Laminate flooring installed over concrete adds warmth and improves the design quality of the space. Laminate flooring is not as durable as hardwood or tile, but when it is installed properly it will last for several years. When it comes time for the floor to go, however, replacing will be a big project. These tips will help make it easier.
Removing Floating Laminate Flooring
Since this flooring is not glued to the concrete, it is just a matter of cutting through a few floor slats to pull up the material. The floating laminate flooring snaps together in a tongue-and-groove fashion and is secured with adhesive along the edges where the flooring meets the walls.
Dissolve the adhesive with a solvent recommended for laminate floors or use a heat gun to melt it. Once it is soft, use a crowbar and hammer to pry up the first slat. Removing the rest of the floor should be easy. Clean any remaining adhesive before preparing your concrete floor for its new finish.
Removing Glued-On Laminate Flooring
Sometimes laminate flooring is installed with glue.
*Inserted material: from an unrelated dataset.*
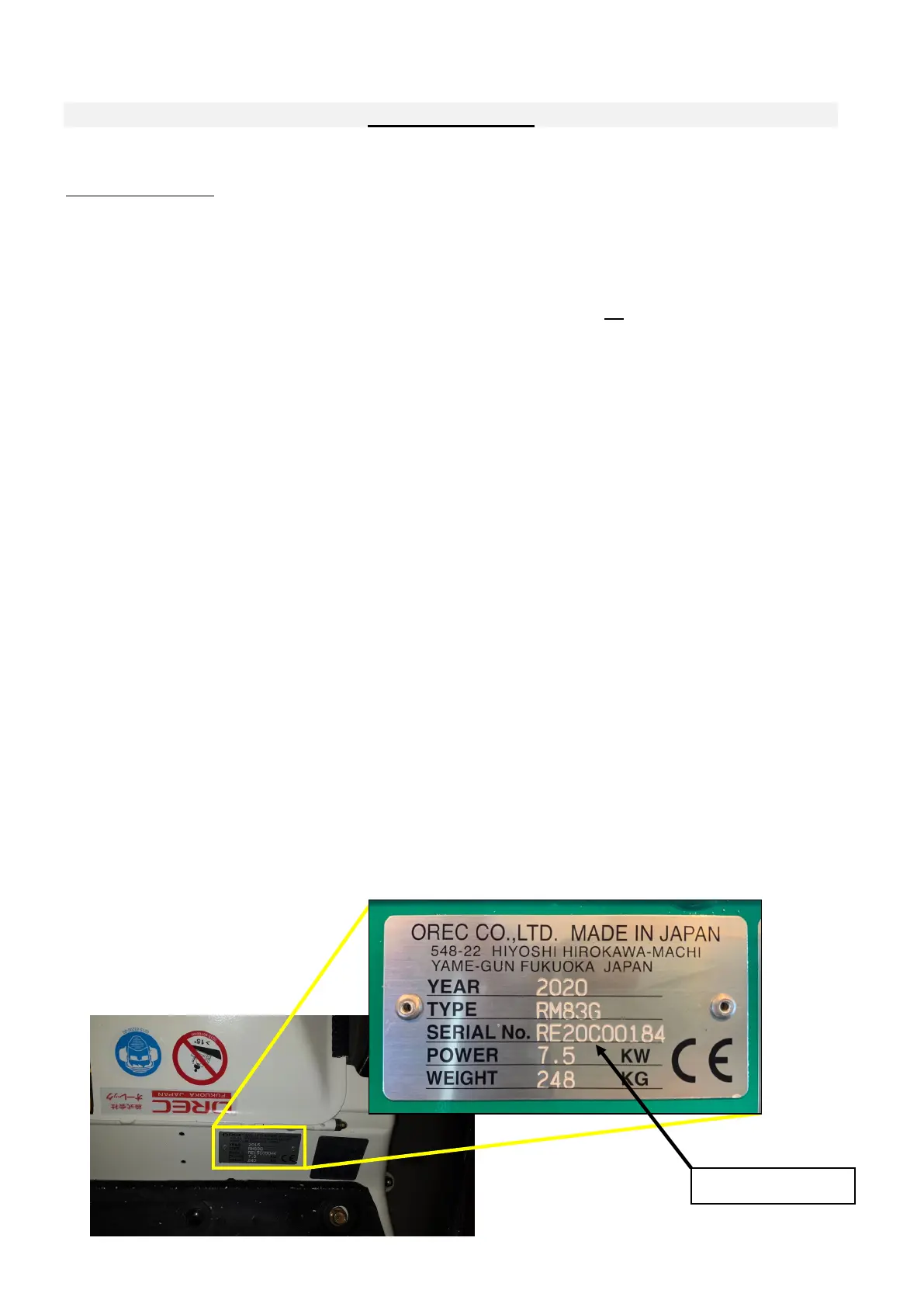 SERIAL NUMBER (refer to the pictures herein) :.........................

If your laminate flooring has been in place for a long time, have the materials examined by a home inspector for possible health hazards before continuing. According to the Minnesota Green Affordable Housing Guide, some old laminate tiles may contain asbestos or volatile organic compounds (VOCs) such as formaldehyde.
Wear heat-resistant gloves and eye protection when removing the flooring. Use a heating gun to loosen the glue. If you can find a small gap along a wall to insert a crowbar, then this is a good starting point. If not, you may have to use a circular saw with the blade set to 1 inch or less to cut across a section of the flooring. You will then be able to pry it up.
The first piece may be the most difficult piece to remove because you have to wait for the heat to penetrate the flooring. After the first piece is removed, you can place the heating gun closer to the underlying adhesive. As the gun heats up and softens the adhesive, pull up the laminate flooring.
Once all of the flooring is removed, clean any residual adhesive with an industrial-strength floor adhesive remover. Make sure the space is well ventilated and wear a face mask for protection from the fumes.
Removing Laminate Tiles from Concrete
Laminate floor tiles can be difficult to remove from concrete. Some tiles may come up easily, especially the ones in the corners or along the walls, while the high-traffic tiles may present more of a challenge.
Remove any tiles that are easy to pull up. For the more difficult tiles, use a bucket of hot water and dish soap to saturate them. The mixture can seep under the tiles and help loosen the adhesive bond.
Use a flat edged tool--a hand-held or poll floor scraper, or a flat-edged shovel--and work it underneath the tiles to pull them from the concrete. Continue until all of the tiles are removed. Clean the floor with an adhesive remover and mop the area. Allow the surface time to thoroughly dry before installing your new flooring.